Copy the listing as it is written, and leave each picture out.

::::::::

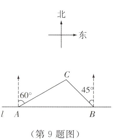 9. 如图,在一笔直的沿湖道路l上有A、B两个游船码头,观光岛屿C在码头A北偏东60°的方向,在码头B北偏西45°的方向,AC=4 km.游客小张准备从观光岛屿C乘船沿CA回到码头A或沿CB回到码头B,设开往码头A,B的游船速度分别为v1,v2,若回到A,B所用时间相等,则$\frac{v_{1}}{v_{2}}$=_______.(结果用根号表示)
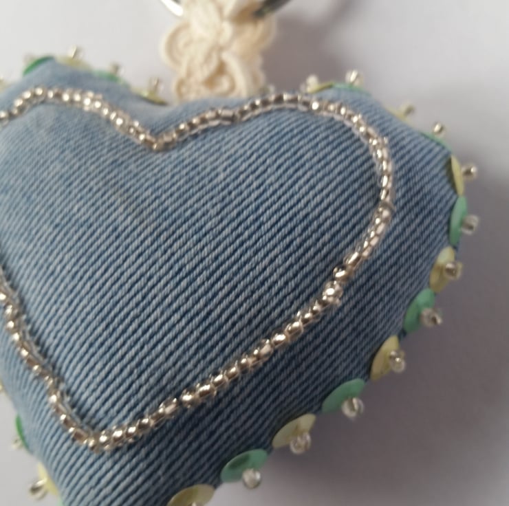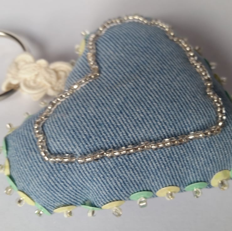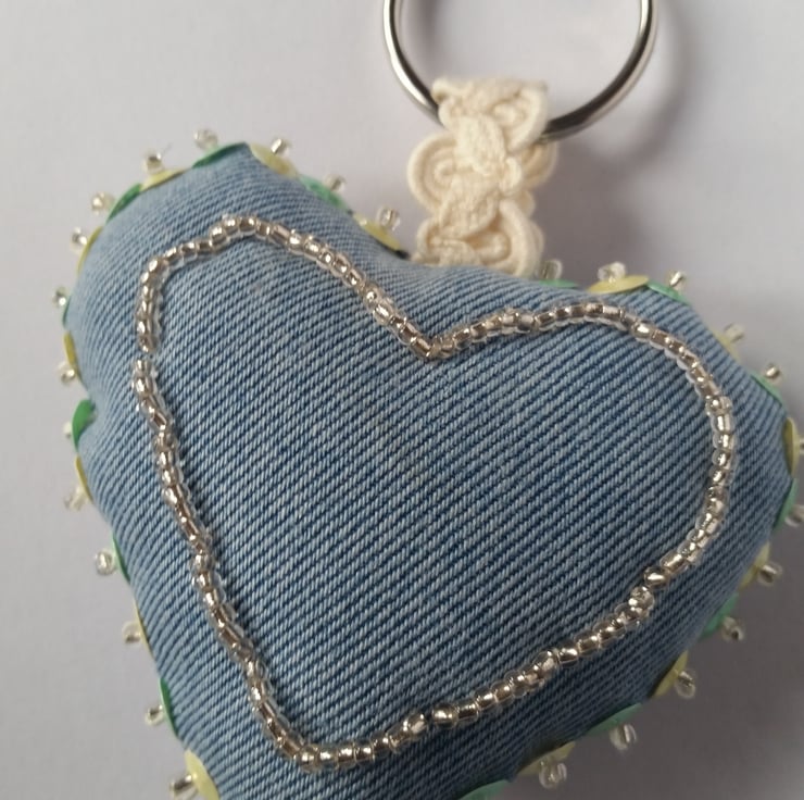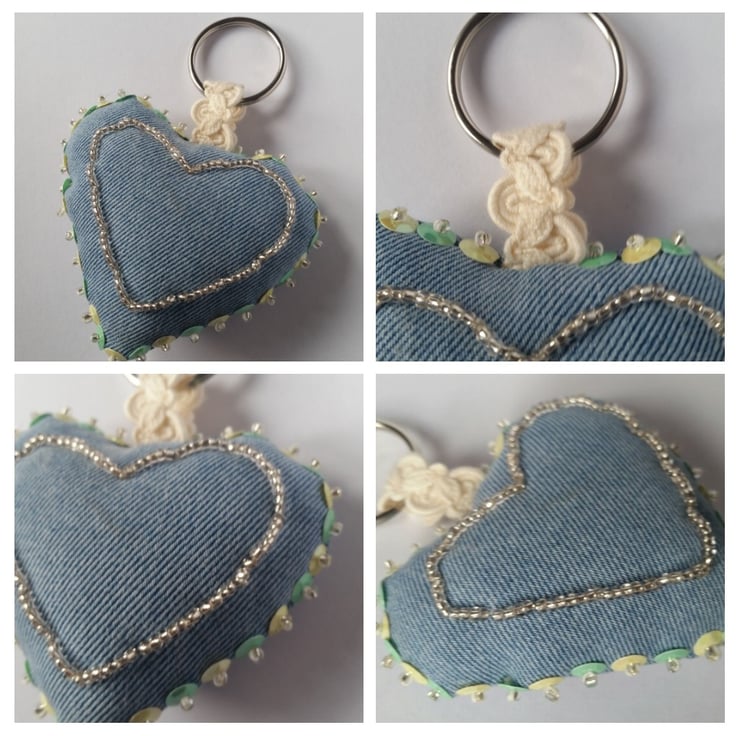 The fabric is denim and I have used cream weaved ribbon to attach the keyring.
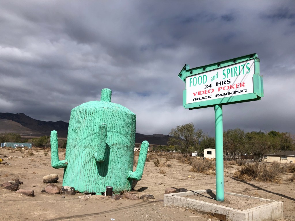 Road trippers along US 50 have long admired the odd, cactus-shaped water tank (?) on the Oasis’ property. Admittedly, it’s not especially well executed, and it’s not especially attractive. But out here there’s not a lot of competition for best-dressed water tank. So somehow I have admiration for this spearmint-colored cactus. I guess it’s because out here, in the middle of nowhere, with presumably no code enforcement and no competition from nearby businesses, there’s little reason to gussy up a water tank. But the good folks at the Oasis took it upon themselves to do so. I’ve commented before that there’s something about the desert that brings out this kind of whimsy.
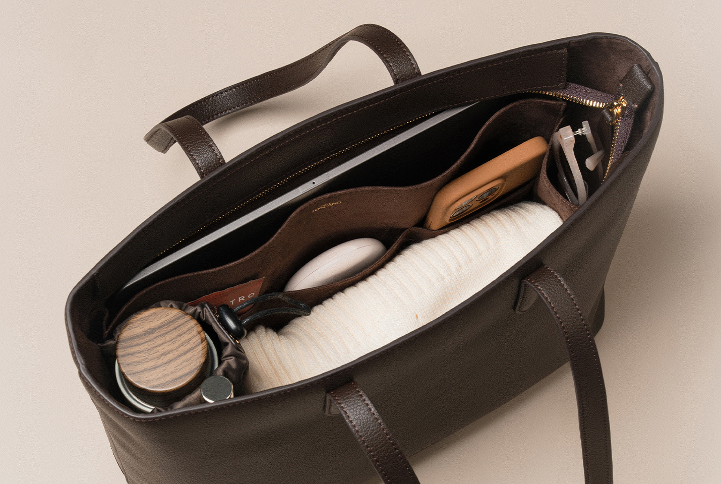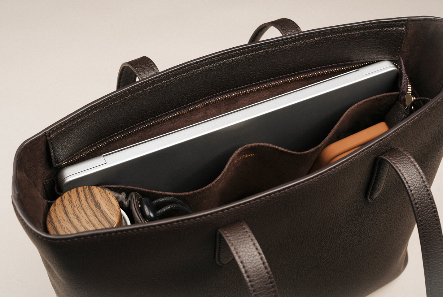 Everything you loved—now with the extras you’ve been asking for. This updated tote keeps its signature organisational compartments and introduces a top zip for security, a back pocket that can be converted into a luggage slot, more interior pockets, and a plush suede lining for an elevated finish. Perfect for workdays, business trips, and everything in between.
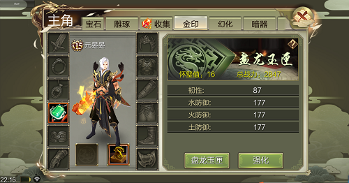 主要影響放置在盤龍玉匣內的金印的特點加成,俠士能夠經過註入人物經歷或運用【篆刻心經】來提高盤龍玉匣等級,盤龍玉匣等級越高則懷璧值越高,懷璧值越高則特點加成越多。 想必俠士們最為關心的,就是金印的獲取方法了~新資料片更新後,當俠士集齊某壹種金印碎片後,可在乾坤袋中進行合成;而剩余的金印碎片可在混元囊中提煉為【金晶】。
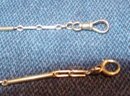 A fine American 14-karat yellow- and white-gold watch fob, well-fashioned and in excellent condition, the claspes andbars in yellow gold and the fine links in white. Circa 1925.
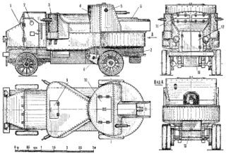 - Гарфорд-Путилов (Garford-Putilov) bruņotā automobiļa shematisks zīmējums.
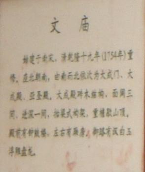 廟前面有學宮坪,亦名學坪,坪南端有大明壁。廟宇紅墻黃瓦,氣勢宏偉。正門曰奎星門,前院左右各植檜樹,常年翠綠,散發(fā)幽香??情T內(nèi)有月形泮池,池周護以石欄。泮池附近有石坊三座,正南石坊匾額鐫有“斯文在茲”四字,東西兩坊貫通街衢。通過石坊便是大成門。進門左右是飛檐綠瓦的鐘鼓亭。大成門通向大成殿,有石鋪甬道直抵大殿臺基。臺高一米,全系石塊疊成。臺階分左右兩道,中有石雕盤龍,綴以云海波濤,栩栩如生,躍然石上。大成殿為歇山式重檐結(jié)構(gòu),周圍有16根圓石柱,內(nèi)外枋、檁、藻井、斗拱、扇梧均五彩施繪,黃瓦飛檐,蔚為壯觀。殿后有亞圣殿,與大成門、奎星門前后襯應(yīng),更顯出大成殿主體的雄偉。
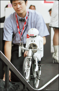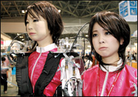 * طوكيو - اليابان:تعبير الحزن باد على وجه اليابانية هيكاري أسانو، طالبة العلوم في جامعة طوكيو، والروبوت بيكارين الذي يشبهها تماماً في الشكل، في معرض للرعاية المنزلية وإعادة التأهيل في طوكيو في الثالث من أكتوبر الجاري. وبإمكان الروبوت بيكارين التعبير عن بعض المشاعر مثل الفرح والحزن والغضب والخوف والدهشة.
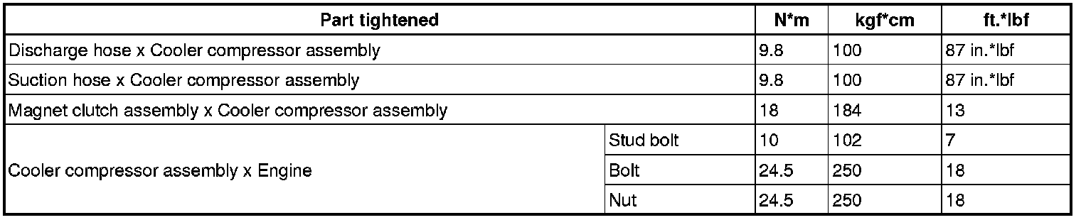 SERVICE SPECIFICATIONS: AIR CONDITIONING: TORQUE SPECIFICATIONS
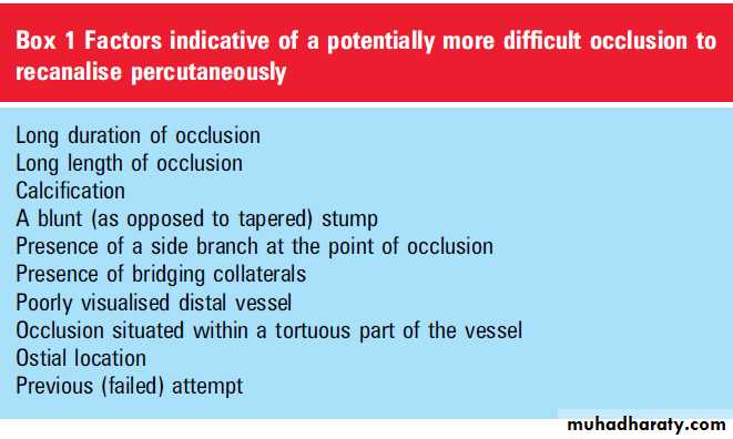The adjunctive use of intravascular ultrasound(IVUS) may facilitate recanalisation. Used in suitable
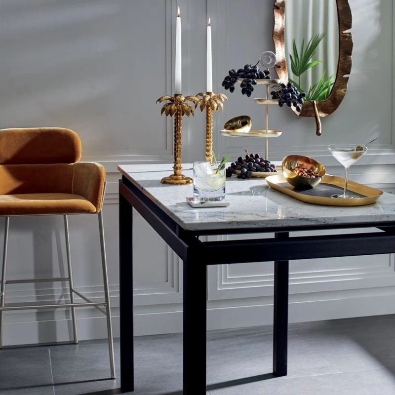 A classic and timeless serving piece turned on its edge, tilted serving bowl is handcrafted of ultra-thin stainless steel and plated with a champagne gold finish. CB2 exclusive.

::::::::

* Solved exercise
 9. 如图,在一笔直的沿湖道路l上有A、B两个游船码头,观光岛屿C在码头A北偏东60°的方向,在码头B北偏西45°的方向,AC=4 km.游客小张准备从观光岛屿C乘船沿CA回到码头A或沿CB回到码头B,设开往码头A,B的游船速度分别为v1,v2,若回到A,B所用时间相等,则$\frac{v_{1}}{v_{2}}$=_______.(结果用根号表示)
 The fabric is denim and I have used cream weaved ribbon to attach the keyring.
 Road trippers along US 50 have long admired the odd, cactus-shaped water tank (?) on the Oasis’ property. Admittedly, it’s not especially well executed, and it’s not especially attractive. But out here there’s not a lot of competition for best-dressed water tank. So somehow I have admiration for this spearmint-colored cactus. I guess it’s because out here, in the middle of nowhere, with presumably no code enforcement and no competition from nearby businesses, there’s little reason to gussy up a water tank. But the good folks at the Oasis took it upon themselves to do so. I’ve commented before that there’s something about the desert that brings out this kind of whimsy.
 Everything you loved—now with the extras you’ve been asking for. This updated tote keeps its signature organisational compartments and introduces a top zip for security, a back pocket that can be converted into a luggage slot, more interior pockets, and a plush suede lining for an elevated finish. Perfect for workdays, business trips, and everything in between.
 主要影響放置在盤龍玉匣內的金印的特點加成,俠士能夠經過註入人物經歷或運用【篆刻心經】來提高盤龍玉匣等級,盤龍玉匣等級越高則懷璧值越高,懷璧值越高則特點加成越多。 想必俠士們最為關心的,就是金印的獲取方法了~新資料片更新後,當俠士集齊某壹種金印碎片後,可在乾坤袋中進行合成;而剩余的金印碎片可在混元囊中提煉為【金晶】。
 A fine American 14-karat yellow- and white-gold watch fob, well-fashioned and in excellent condition, the claspes andbars in yellow gold and the fine links in white. Circa 1925.
 - Гарфорд-Путилов (Garford-Putilov) bruņotā automobiļa shematisks zīmējums.
 廟前面有學宮坪,亦名學坪,坪南端有大明壁。廟宇紅墻黃瓦,氣勢宏偉。正門曰奎星門,前院左右各植檜樹,常年翠綠,散發(fā)幽香??情T內(nèi)有月形泮池,池周護以石欄。泮池附近有石坊三座,正南石坊匾額鐫有“斯文在茲”四字,東西兩坊貫通街衢。通過石坊便是大成門。進門左右是飛檐綠瓦的鐘鼓亭。大成門通向大成殿,有石鋪甬道直抵大殿臺基。臺高一米,全系石塊疊成。臺階分左右兩道,中有石雕盤龍,綴以云海波濤,栩栩如生,躍然石上。大成殿為歇山式重檐結(jié)構(gòu),周圍有16根圓石柱,內(nèi)外枋、檁、藻井、斗拱、扇梧均五彩施繪,黃瓦飛檐,蔚為壯觀。殿后有亞圣殿,與大成門、奎星門前后襯應(yīng),更顯出大成殿主體的雄偉。
 * طوكيو - اليابان:تعبير الحزن باد على وجه اليابانية هيكاري أسانو، طالبة العلوم في جامعة طوكيو، والروبوت بيكارين الذي يشبهها تماماً في الشكل، في معرض للرعاية المنزلية وإعادة التأهيل في طوكيو في الثالث من أكتوبر الجاري. وبإمكان الروبوت بيكارين التعبير عن بعض المشاعر مثل الفرح والحزن والغضب والخوف والدهشة.
 SERVICE SPECIFICATIONS: AIR CONDITIONING: TORQUE SPECIFICATIONS
The adjunctive use of intravascular ultrasound(IVUS) may facilitate recanalisation. Used in suitable
 A classic and timeless serving piece turned on its edge, tilted serving bowl is handcrafted of ultra-thin stainless steel and plated with a champagne gold finish. CB2 exclusive.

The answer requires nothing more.